WORK INSTRUCTIONS =>
Every entry, start to finish, should be printed verbatim without pictures.

Source records:
::::::::

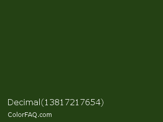 Decimal 13817217654 Color is a very dark green color and the nearest color is Mallard #233418. Hex code #244114 and RGB value is rgb(36,65,20). In RGB color space, this color is composed of 14% red, 25% green, 8% blue, In CMYK color space, this color is composed of 45% cyan, 0% magenta, 69% yellow , 75% black , In HSL color space, this color has a hue angle of 99° , 53% saturation and 17% lightness.
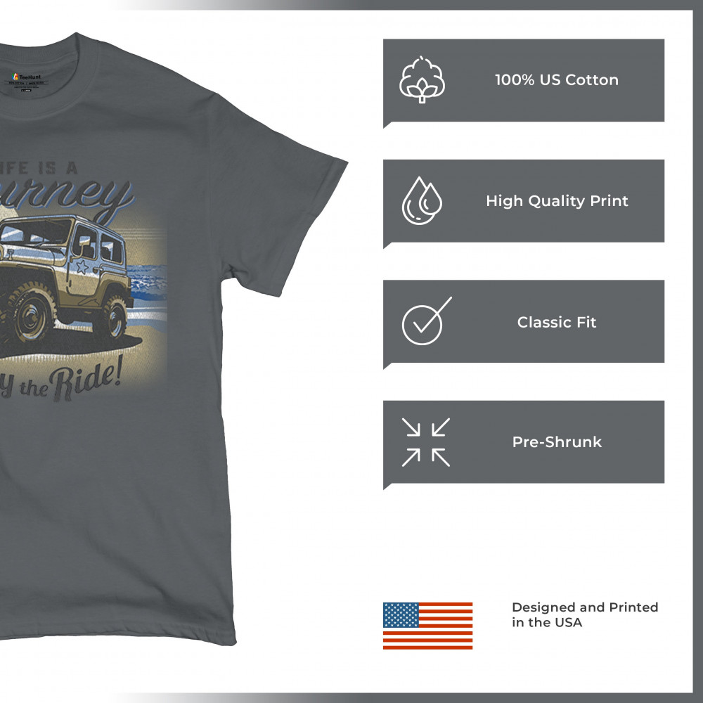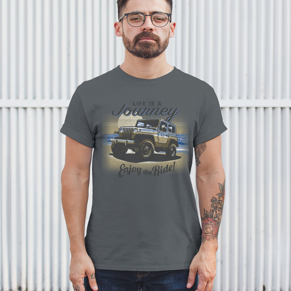 Celebrate adventure with the "Life is a Journey, Enjoy the Ride" design, perfect for off-road enthusiasts and adventure seekers. An ideal gift for outdoor lovers.
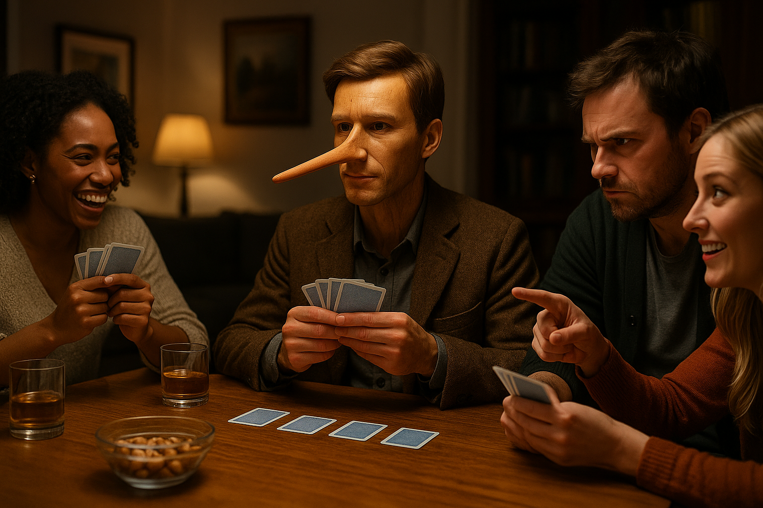 Iedereen mag beschuldigen: elke speler aan tafel mag onmiddellijk na een claim “je liegt” roepen. Bij simultaan roepen, krijgt de eerstvolgende in de zitvolgorde voorrang.
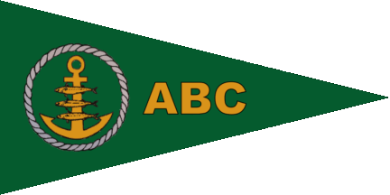 The pennant is green. On hoist is a yellow anchor superimposed by the three fish from the city arms of Aabenraa, also in yellow. The whole is surrounded by a circular white rope. On fly is a yellow inscription „ABC“.
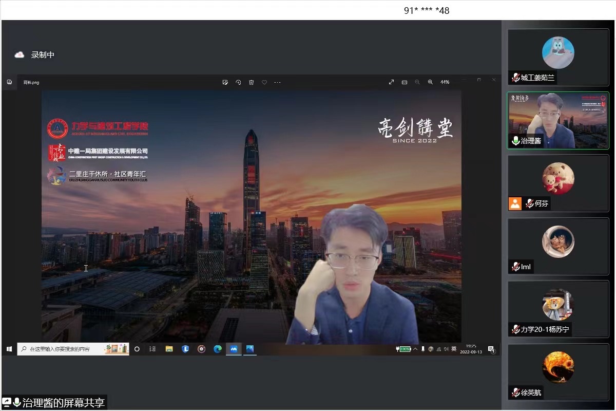 9月13日晚7时,雷竞技官网土木工程专业2022届毕业生、现就职于中建一局建设发展有限公司、优秀学长王治理受邀为雷竞技官网学生做主题为《人生不是单选题,我想给你备选项》“学长学姐求职说”系列专题讲座。讲座由院团委副书记何芬老师主持。

::::::::

TASK OUTPUT =>
 Decimal 13817217654 Color is a very dark green color and the nearest color is Mallard #233418. Hex code #244114 and RGB value is rgb(36,65,20). In RGB color space, this color is composed of 14% red, 25% green, 8% blue, In CMYK color space, this color is composed of 45% cyan, 0% magenta, 69% yellow , 75% black , In HSL color space, this color has a hue angle of 99° , 53% saturation and 17% lightness.
 Celebrate adventure with the "Life is a Journey, Enjoy the Ride" design, perfect for off-road enthusiasts and adventure seekers. An ideal gift for outdoor lovers.
 Iedereen mag beschuldigen: elke speler aan tafel mag onmiddellijk na een claim “je liegt” roepen. Bij simultaan roepen, krijgt de eerstvolgende in de zitvolgorde voorrang.
 The pennant is green. On hoist is a yellow anchor superimposed by the three fish from the city arms of Aabenraa, also in yellow. The whole is surrounded by a circular white rope. On fly is a yellow inscription „ABC“.
 9月13日晚7时,雷竞技官网土木工程专业2022届毕业生、现就职于中建一局建设发展有限公司、优秀学长王治理受邀为雷竞技官网学生做主题为《人生不是单选题,我想给你备选项》“学长学姐求职说”系列专题讲座。讲座由院团委副书记何芬老师主持。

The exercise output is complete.